Controversies in fecal incontinence.

作者信息

Albuquerque Andreia, Rao Satish S C

机构信息

School of Medicine and Biomedical Sciences, Fernando Pessoa University, Gondomar 4420-096, Porto, Portugal.

Precancerous Lesions and Early Cancer Management Research Group RISE@CI-IPO (Health Research Network), Portuguese Oncology Institute of Porto, Porto 4200-072, Portugal.

出版信息

World J Gastroenterol. 2025 Jan 21;31(3):97963. doi: 10.3748/wjg.v31.i3.97963.

Abstract

Fecal incontinence is a common condition that can significantly impact patients' quality of life. Obstetric anal sphincter injury and anorectal surgeries are common etiologies. Endoanal ultrasound and anorectal manometry are important diagnostic tools for evaluating patients. There are various treatment options, including diet, lifestyle modifications, drugs, biofeedback therapy, tibial and sacral nerve neuromodulation therapy, and surgery. In this editorial, we will discuss current controversies and novel approaches to fecal incontinence. Screening for asymptomatic anal sphincter defects after obstetric anal sphincter injury and in patients with inflammatory bowel disease is not generally recommended, but may be helpful in selected patients. The Garg incontinence score is a new score that includes the assessment of solid, liquid, flatus, mucous, stress and urge fecal incontinence. Novel tests such as translumbosacral anorectal magnetic stimulation and novel therapies such as translumbosacral neuromodulation therapy are promising diagnostic and treatment options, for both fecal incontinence and neuropathy.

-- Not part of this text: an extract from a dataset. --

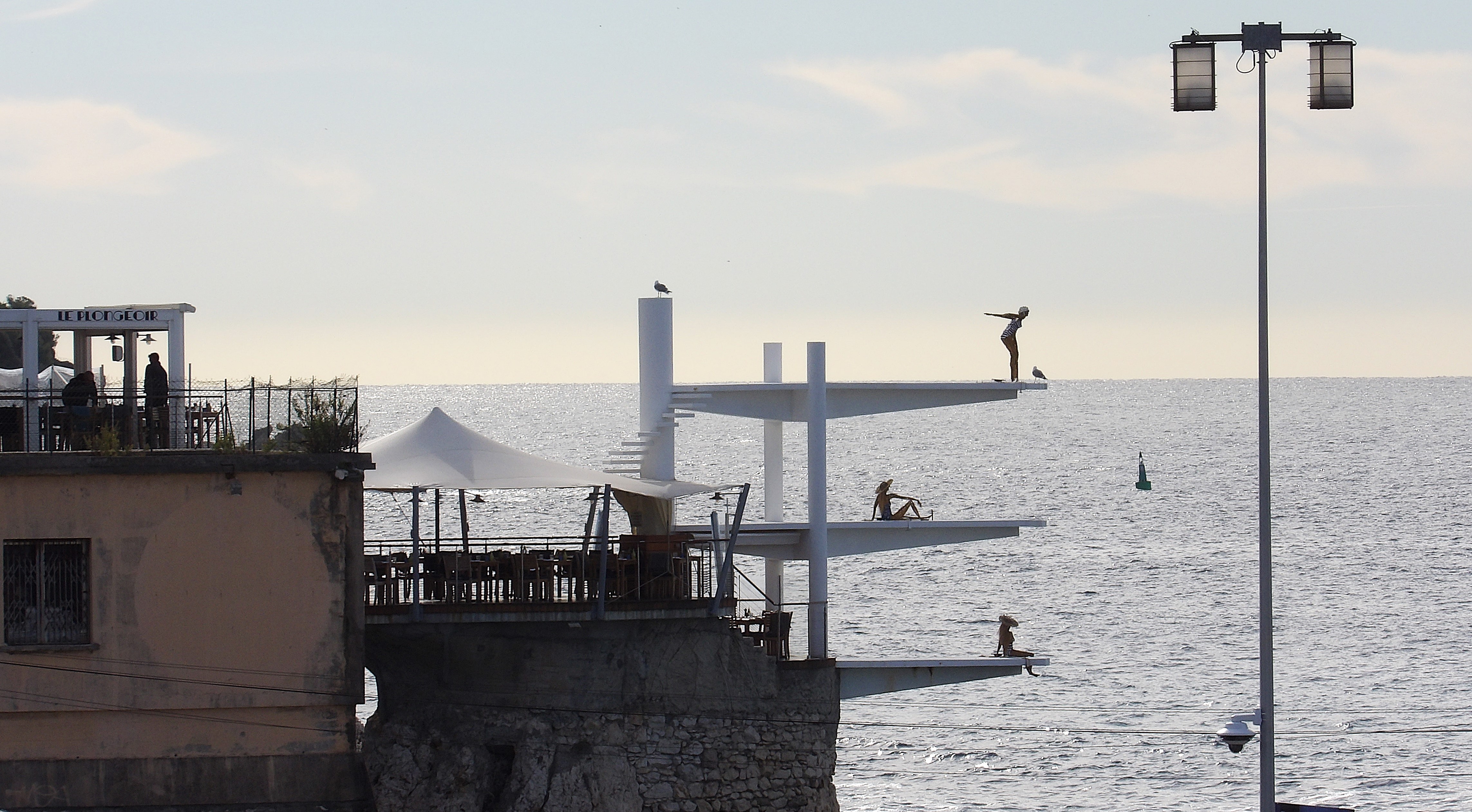 The well known [and trendy] restaurant Le Plongeoir is situated to the east of the port and is an ideal place to start for a walk around the bay. The restaurant has wonderful views although we were not tempted on this occasion. The architect René Livieri created the iconic diving boards and figures in the 1940’s. Plage de Ponchettes, a public beach on the west of the port did look lovely, again we were not tempted- well it was late october!

Home biofeedback therapy can overcome some limitations of the office-based therapy. Skeletal muscle-derived cell implantation of the external anal sphincter has been further studied as a possible treatment option. Sacral neuromodulation may be useful in scleroderma, congenital fecal incontinence and inflammatory bowel disease but merits further study.

摘要

大便失禁是一种常见病症,会对患者的生活质量产生重大影响。产科肛门括约肌损伤和肛肠手术是常见病因。肛管超声检查和肛肠测压是评估患者的重要诊断工具。有多种治疗选择,包括饮食、生活方式调整、药物、生物反馈疗法、胫神经和骶神经神经调节疗法以及手术。在这篇社论中,我们将讨论大便失禁的当前争议和新方法。一般不建议在产科肛门括约肌损伤后及炎症性肠病患者中筛查无症状肛门括约肌缺陷,但对特定患者可能有帮助。加尔格失禁评分是一种新评分,包括对固体、液体、气体、黏液、压力性和急迫性大便失禁的评估。诸如经腰骶部肛肠磁刺激等新测试以及诸如经腰骶部神经调节疗法等新疗法,对于大便失禁和神经病变而言,都是有前景的诊断和治疗选择。家庭生物反馈疗法可以克服门诊治疗的一些局限性。作为一种可能的治疗选择,对肛门外括约肌进行骨骼肌来源细胞植入已得到进一步研究。骶神经调节在硬皮病、先天性大便失禁和炎症性肠病中可能有用,但值得进一步研究。